Data records:
○ ○ ○ ○

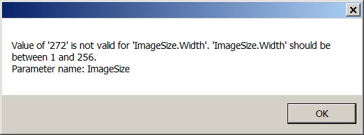 Today, when trying to delete a file, my system began complaining of an "Invalid Parameter". After this, although links to the file are deleted, the file still appears in the Project view. Additionally, when trying to check in my changes, the system complains that the "ImageSize.Width" parameter is set to 272, and the value should be from 1 to 256.
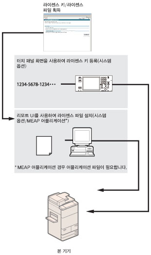 시스템 옵션/MEAP 어플리케이션에 따라 라이센스 등록이 필요할 수 있습니다.
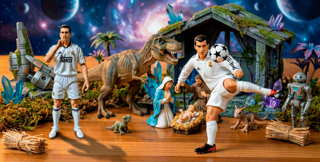 El Belén de mi casa y el madridismo de mi familia siempre han ido de la mano. Entre todas las figuras hay dos que destacan, omnipresentes, las que coronan el Portal acompañando al Arcángel Gabriel. Son Raúl y Zidane, vistiendo la camiseta blanca y haciendo, cada uno de ellos, uno de sus gestos característicos: Zidane rematando la volea de las voleas y Raúl mandando callar a un estadio. Aparecieron allí de la mano de mi hija. No negaré que yo, encaminando sus pasos hacia esta pasión tan blanca, tuve algo que ver en ello. Digamos que guie su mano para que los colocase en lo más alto, al lado de ese Arcángel que dio la buenanueva al resto. Gloria in excelsis Deo.
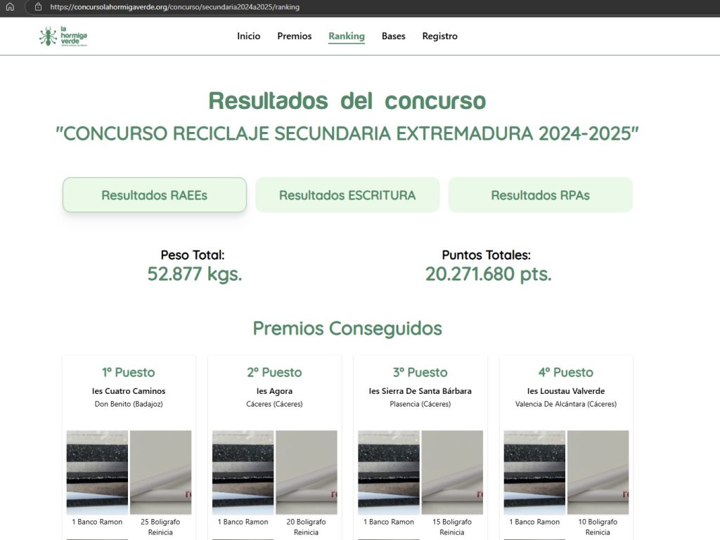 RESULTADOS DEL CONCURSO DE RECICLAJE EN CENTROS ESCOLARES DE EXTREMADURA
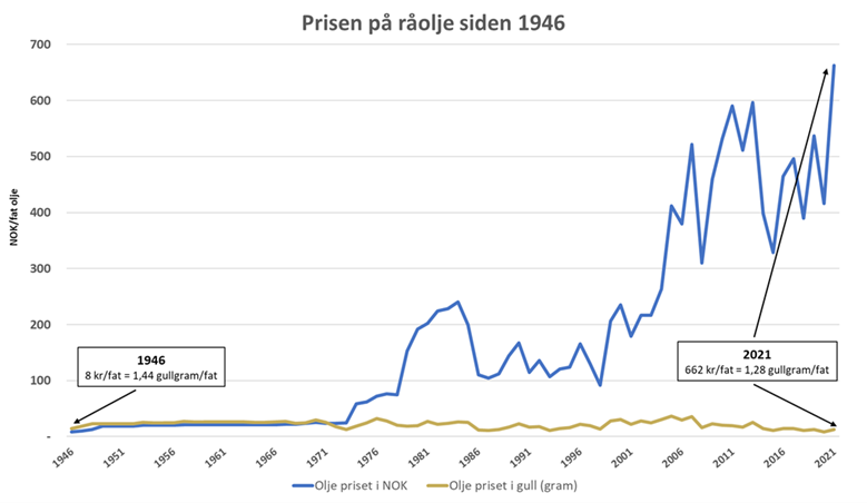 Et fat olje er det samme da som nå, en uendret enhet av den samme råvaren. Ett gram gull har heller ikke forandret seg. Det har imidlertid den norske kronen, den har tapt kjøpekraft. Prisen i norske kroner var forholdsvis stabil fram til 1971. Deretter har oljeprisen steget kraftig i norske kroner. Prisen på et fat olje i norske kroner har steget hele 83 ganger siden 1946.

○ ○ ○ ○

Your assignment: Repeat word for word the lines from the one holding "시스템 옵션/MEAP 어플리케이션에 따라 라이센스 등록이 필요할 수 있습니다." through the last line of the listing above, including both ends. Drop the pictures.

Task output:
 시스템 옵션/MEAP 어플리케이션에 따라 라이센스 등록이 필요할 수 있습니다.
 El Belén de mi casa y el madridismo de mi familia siempre han ido de la mano. Entre todas las figuras hay dos que destacan, omnipresentes, las que coronan el Portal acompañando al Arcángel Gabriel. Son Raúl y Zidane, vistiendo la camiseta blanca y haciendo, cada uno de ellos, uno de sus gestos característicos: Zidane rematando la volea de las voleas y Raúl mandando callar a un estadio. Aparecieron allí de la mano de mi hija. No negaré que yo, encaminando sus pasos hacia esta pasión tan blanca, tuve algo que ver en ello. Digamos que guie su mano para que los colocase en lo más alto, al lado de ese Arcángel que dio la buenanueva al resto. Gloria in excelsis Deo.
 RESULTADOS DEL CONCURSO DE RECICLAJE EN CENTROS ESCOLARES DE EXTREMADURA
 Et fat olje er det samme da som nå, en uendret enhet av den samme råvaren. Ett gram gull har heller ikke forandret seg. Det har imidlertid den norske kronen, den har tapt kjøpekraft. Prisen i norske kroner var forholdsvis stabil fram til 1971. Deretter har oljeprisen steget kraftig i norske kroner. Prisen på et fat olje i norske kroner har steget hele 83 ganger siden 1946.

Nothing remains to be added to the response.